Рассказывают, что на Руси у бояр были шуты, шпыни, балагуры… Наверное, так, потому что сами видели шутов на лагпунктах. В одном из соседних бараков, где проживал нарядчик, при нем в этом амплуа состоял свихнувшийся троцкист тридцать седьмого года Рувим. Хриплым голосом он пел, верней, выкрикивал фашистский гимн «Хорст Вессель», при этом у него как-то дергались и выпучивались глаза. За это его содержали при особе нарядчика. Видимо, дело не в деньгах, а во власти над человеком.

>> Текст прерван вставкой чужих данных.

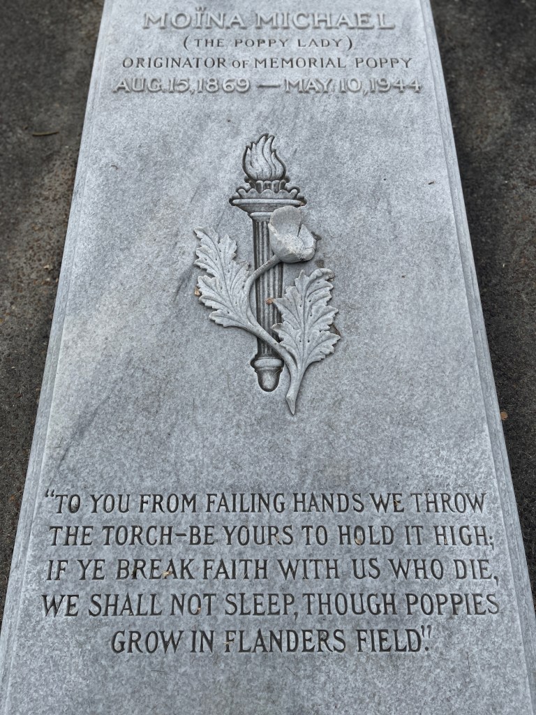 In an oddly barren plot that is lined with cement and granite, you’ll find one of its most famous residents – Moina Michael or ‘The Poppy Lady.’

Рувим свихнулся во время одного из расстрелов на Воркуте. Их постоянно производили в старых, заброшенных каменоломнях за городом по мере оформления лагерных дел, выпекаемых оперативно-чекистским отделом. В конце войны карательная команда была укомплектована какими-то белобрысыми, низкорослыми, совсем юными и слабосильными птенцами. Побывавшие под следствием и получившие новые сроки зэки, вернувшись на лагпункты, рассказывали, как эти парни, сами чуть не плача, наваливались все вместе на одного здоровенного бандита, с трудом его вязали и увозили. Ходили слухи, что это были дети чекистов, которым родители сумели заменить фронт безопасной работой палача… Устроили им «производственную практику»…

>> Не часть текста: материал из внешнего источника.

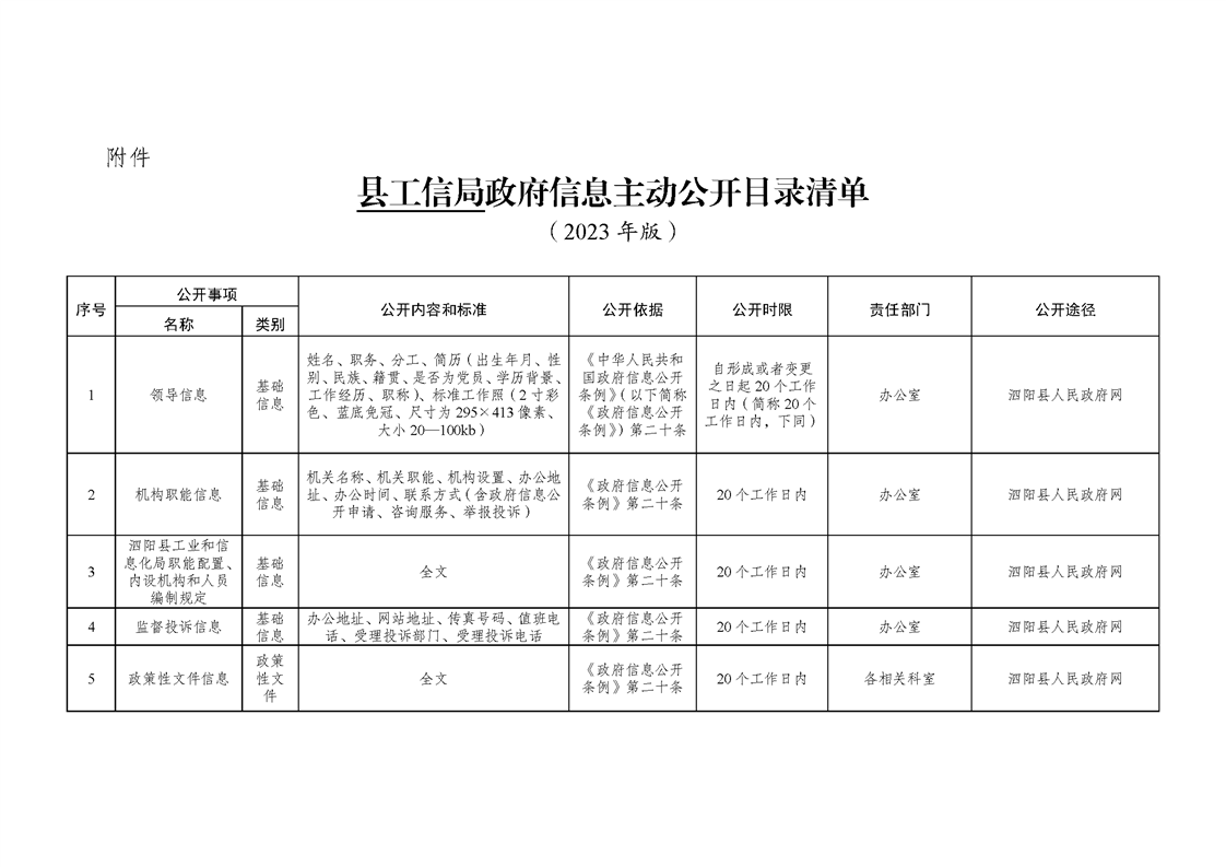 泗陽(yáng)縣工信局政府信息主動(dòng)公開目錄清單(2023)

Кроме этих будничных «экзекуций», на Воркуте прогремели два массовых расстрела- Первый остался в памяти очевидцев как «комиссия Григоровича». В 1938 году вспыхнула знаменитая забастовка троцкистов. На нескольких десятках лагпунктов, разбросанных на огромной территории, никто не вышел на работу. Реакция была стремительной. Расправой вершил приехавший со сворой чекистов Григорович. Троцкистов свозили на лагпункт кирпичного завода и там ежедневно расстреливали. Уцелели немногие — зелёная молодежь, в том числе и Рувим, и несколько особо отличившихся стукачей, которых впоследствии все сторонились как зачумленных.
Кашкетинский расстрел последовал в ответ на восстание в Усть-Усе в конце сорок второго. Свидетелей этих событий остались тоже считанные единицы по причине ужасного падежа заключенных в военные годы. Один из уцелевших рассказывал, что Кашкетин делал упор на бандитов и всех, кто мог еще быть опасным в плане активных действий. Блатари здорово струхнули, начали выходить на работу, «вкалывать» с максимальным старанием, на какое были способны, и продолжали свою линию до отъезда московских чекистов. Кашкетин начинал с обхода выстроенных вдоль линейки заключённых, зорко вглядывался в очередную жертву и приказывал: «Выйти из колонны!». Это означало расстрел. У блатаря, которого отличить было нетрудно, он спрашивал:
— Фамилия?
— Иванов.
— Дальше!
— Семенюк.
— Дальше!
— «Разувай корыто».
— Дальше!
Блатарь молчал, и Кашкетин заканчивал:
— Выйти из колонны!
Жестокая действительность всё время давала о себе знать. Мы веселились в фешенебельном общежитии «маршалов», а рядом на шахтах, под землей, особенно при лагпунктах, где верховодили блатные, творилось такое, что волосы вставали дыбом даже у нас, на всё насмотревшихся и ко всему привыкших. Пахан шайки блатарей узнал, что его «маруха снюхалась с фраером». Суд блатных приговорил женщину: её раздели, отрезали груди, чудовищно изуродовали и выбросили из барака. В комендатуре она не выдала своих мучителей, так как хотела умереть блатнячкой.